Single by Johnnie Taylor

from the album Who's Making Love...
- B-side: "I'm Trying"
- Released: October 1968
- Recorded: 1968
- Genre: Southern soul; northern soul;
- Length: 2:47
- Label: Stax (STA-0009)
- Songwriter(s): Homer Banks; Bettye Crutcher; Don Davis; Raymond Jackson;
- Producer(s): Don Davis

Johnnie Taylor singles chronology
| "I Ain't Particular" (1968) | "Who's Making Love" (1968) | "Take Care of Your Homework" (1969) |

= Who's Making Love =

"Who's Making Love" is a song written by Stax Records staffers Homer Banks, Bettye Crutcher, Don Davis and Raymond Jackson and recorded by singer Johnnie Taylor in 1968.

Released on the Stax label in the late summer of 1968, it became Taylor's breakthrough single, reaching number one on the US Billboard R&B chart and number five on the Billboard Hot 100. It became one of the few singles Taylor would become primarily known for in the mainstream. The song featured the Stax house band, Booker T. & the M.G.'s, and Isaac Hayes (on keyboards). It was Taylor's best-selling single before the release of "Disco Lady" almost a decade later.

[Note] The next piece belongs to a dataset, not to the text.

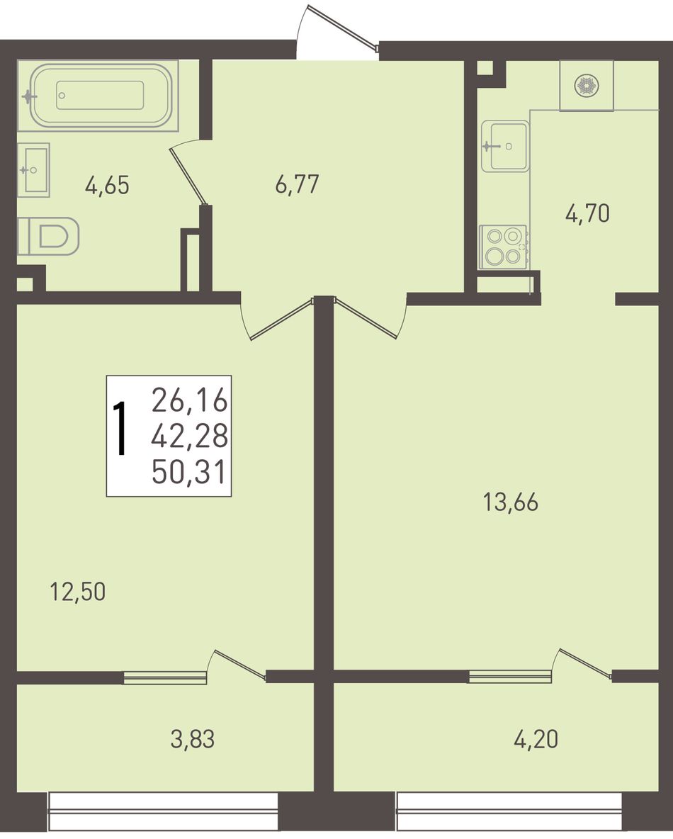 1-комнатная — 50,31 м² 6/9 эт. в ЮГГЕ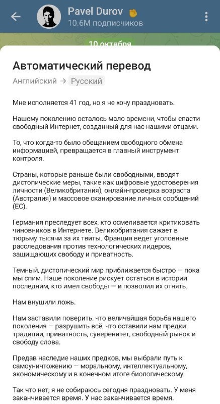 «Свободный интернет умирает. Время уходит, и оно уходит у нас». Сегодня Павел Валерьевич отмечает 41-й день рождения. Однако вместо празднования он опубликовал гнетущий пост, в котором выразил глубочайшую печаль по поводу текущей ситуации и перспектив ее ухудшения. Государства по всему миру ограничивают свободу в интернете ради своих интересов и контроля. Эти изменения происходят в Европе, Китае, США, Канаде, а также, конечно, в России. Желаем вам, Павел Валерьевич, успехов в развитии Telegram и в борьбе за сохранение свободного интернета. Постмейкер - автоматическое ведение канала 🤖 Анимация | СhatGPT-4 | Помощь с резюме

According to Bettye Crutcher, the lyrics were inspired by the 1920s novelty song, "Who Takes Care of the Caretaker's Daughter (While the Caretaker's Busy Taking Care)".

==Chart history==

| Chart (1968–69) | Peak position |
|---|---|
| Canada (RPM Top 100) | 7 |
| U.S. Billboard Hot 100 | 5 |
| U.S. Billboard Hot R&B singles | 1 |

==Cover versions==
- Tony Joe White covered the song on his 1968 album Black and White.
- Young-Holt Unlimited released a cover on the album Soulful Strut in 1968 and as a single in 1969 (#47 Canada), both on Brunswick Records.
- The Blues Brothers released a cover version as a single in 1980, which reached number 39 on the US chart.
- Christian McBride included the song in his 2013 album Out Here.
- The Nation Funktasia covered the song on their 1991 album In Search of the Last Trump of Funk.